Project

General

Profile

Actions

Bug #1971

closed

NccStrategy: Interest not forwarded if a similar Interest arrives during straggler timer and cannot be satisfied by ContentStore

Added by John DeHart about 10 years ago. Updated about 10 years ago.

Status:
Closed
Priority:
Normal
Assignee:
Category:
Forwarding
Target version:
Start date:
09/08/2014
Due date:
% Done:

100%

Estimated time:
3.00 h

Description

Steps to reproduce:

  1. send an Interest with MustBeFresh=yes
  2. response a Data with FreshnessPeriod=0ms
  3. within 50ms, retransmit the same Interest with a fresh Nonce

Expected: Interest is forwarded to producer

Actual: Interest is not forwarded and eventually times out

Root cause:

  1. The first Interest creates a PIT entry.
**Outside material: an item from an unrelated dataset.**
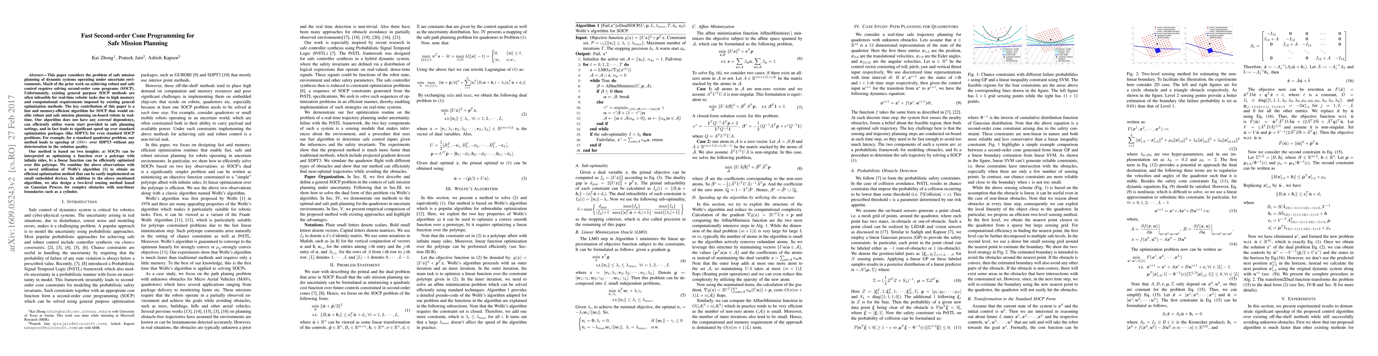 This paper considers the problem of safe mission planning of dynamic systems operating under uncertain environments. Much of the prior work on achieving robust and safe control requires solving second-order cone programs (SOCP). Unfortunately, existing general purpose SOCP methods are often infeasible for real-time robotic tasks due to high memory and computational requirements imposed by existing general optimization methods. The key contribution of this paper is a fast and memory-efficient algorithm for SOCP that would enable robust and safe mission planning on-board robots in real-time. Our algorithm does not have any external dependency, can efficiently utilize warm start provided in safe planning settings, and in fact leads to significant speed up over standard optimization packages (like SDPT3) for even standard SOCP problems. For example, for a standard quadrotor problem, our method leads to speedup of 1000x over SDPT3 without any deterioration in the solution quality. Our method is based on two insights: a) SOCPs can be interpreted as optimizing a function over a polytope with infinite sides, b) a linear function can be efficiently optimized over this polytope. We combine the above observations with a novel utilization of Wolfe's algorithm to obtain an efficient optimization method that can be easily implemented on small embedded devices. In addition to the above mentioned algorithm, we also design a two-level sensing method based on Gaussian Process for complex obstacles with non-linear boundaries such as a cylinder.

NCC strategy knows this PIT entry is new.
  2. When the first Interest is satisfied, in-records and out-record are deleted from the PIT entry; the PIT entry itself is scheduled to be deleted when straggler timer expires (100ms).
  3. The second Interest arrives before straggler time expires, so it finds the same PIT entry. Straggler timer is cancelled.
  4. The second Interest cannot be satisfied by ContentStore because the Data is already stale.
  5. NCC strategy thinks this PIT entry is old via NccStrategy::PitEntryInfo::isNewInterest, so it won't forward the Interest.
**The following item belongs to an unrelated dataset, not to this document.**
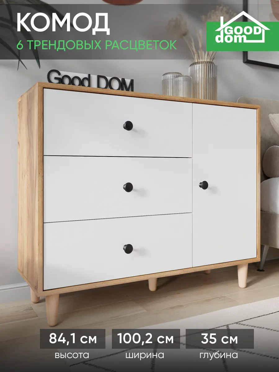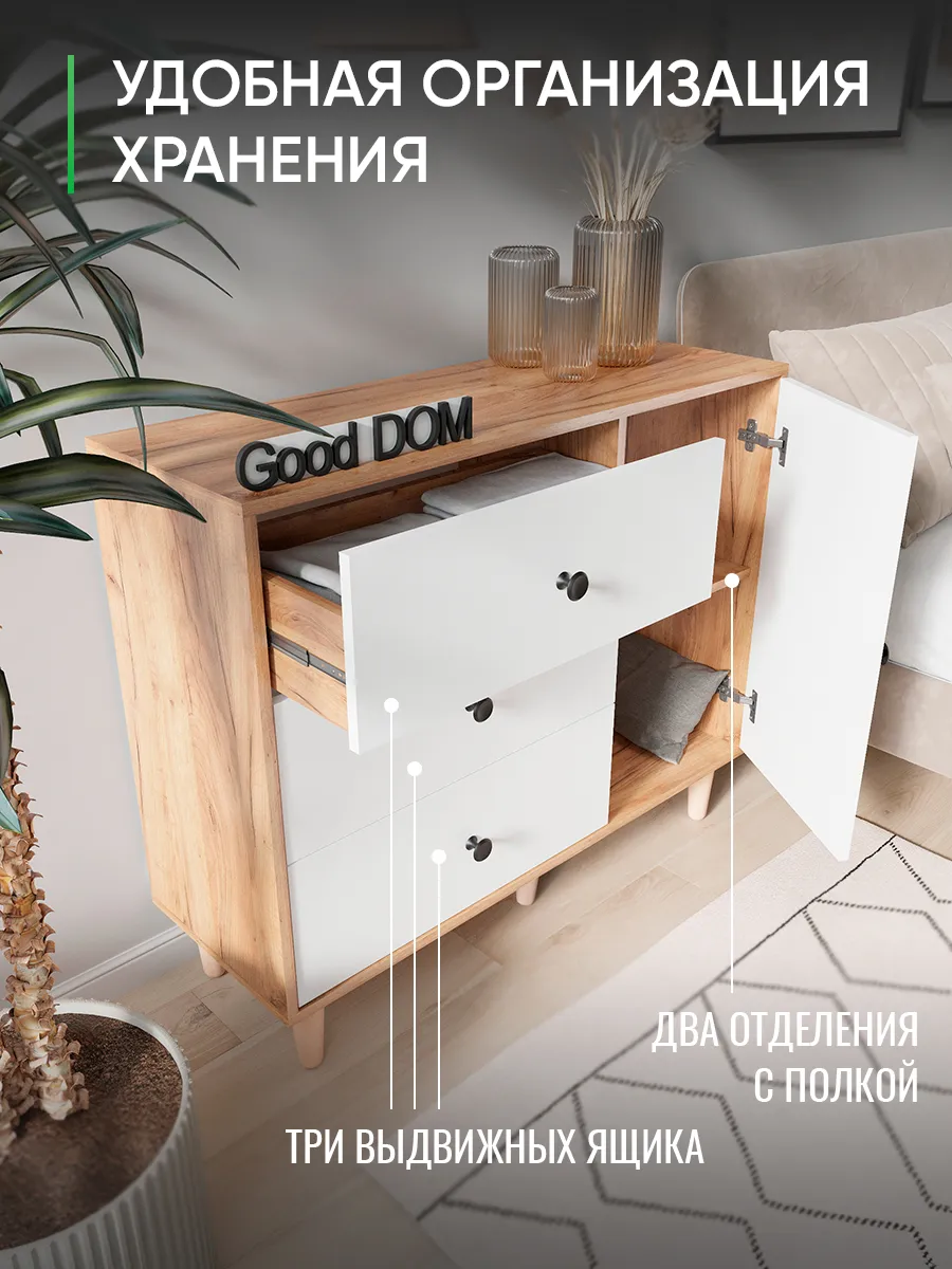 Комод с тремя выдвижными ящиками и отделением с полкой на ножках. Специально разработанная современная модель в трендовых цветах от надежного производителя мебели Good Дом. Комод - удобная и функциональная вещь в любом помещении.

Original report: nfd-status -f : gets frequent timeout on Testbed nodes

When running nfd-status on Testbed nodes we get frequent results of:

Request timed out

I've narrowed it down to the face status portion of nfd-status.
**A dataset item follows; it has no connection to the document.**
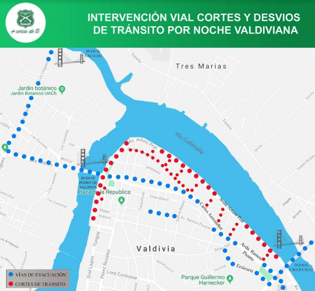 Para la tradicional noche valdiviana a realizarse el próximo sábado, Carabineros de la Zona Los Ríos implementará un completo plan de seguridad que contempla cortes de tránsito en las principales calles de la ciudad de Valdivia y las que circundan al perímetro de la costanera, además de un importante contingente de carabineros que reforzará los normales servicios preventivos dispuestos en la capital regional.
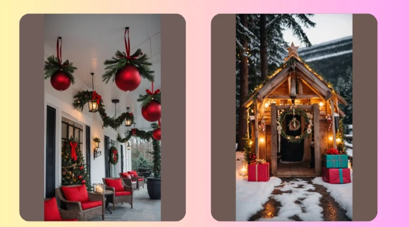 Who needs to huddle indoors when your porch looks this good? Those comfy chairs with the bright red cushions are practically screaming “come sit here and sip something warm!” And check out those candles on the table – they’re basically tiny, adorable campfires, minus the smoke and the s’mores debate (unless you bring your own, of course). This whole outdoor Christmas setup is perfect for pretending you’re in a fancy holiday movie, even if you’re just gossiping with friends or scrolling through TikTok. It’s so inviting, you might even forget it’s technically “outside” until a snowflake lands right on your nose!

I have not been able to get this to happen on my local nfd running on MacOS.

Actions #1

Updated by Alex Afanasyev about 10 years ago

Do you have an estimate about the amount of traffic testbed node has? I mean, is there active Interest-Data exchanges during these timeouts?

Actions #2

Updated by John DeHart about 10 years ago

Alex Afanasyev wrote:

Do you have an estimate about the amount of traffic testbed node has? I mean, is there active Interest-Data exchanges during these timeouts?

There is some traffic but not anything more than our typical background traffic.

I also just updated our local node that supports ndnmap to the latest Ubuntu version
of nfd from the PPA and I can't get it to give me a timeout. So, I don't suspect
it is purely an Ubuntu nfd issue.

Actions #3

Updated by Junxiao Shi about 10 years ago

I also see this behavior frequently on testbed nodes, and Face Dataset is the only portion that has this problem.
I suspect it's not due to ContentStore eviction, because other datasets don't have this problem.

Actions #4

Updated by John DeHart about 10 years ago

I have a clue.

If I stop the collection of bandwidth data from NFD for display on ndnmap then I do not get timeouts from nfd-status.

We collect data from nfd by sending an interest: Interest interest("/localhost/nfd/faces/list");

We sleep for 1 second between each subsequent interest to collect the data.

With face logging turned up it looks something like this:

1410205451.481137 DEBUG: [FaceManager] command result: processing verb: list

1410205452.991051 DEBUG: [FaceManager] command result: processing verb: list

1410205454.505937 DEBUG: [FaceManager] command result: processing verb: list

1410205456.015470 DEBUG: [FaceManager] command result: processing verb: list

So it turns out to be about every 1.5 seconds that we collect the data.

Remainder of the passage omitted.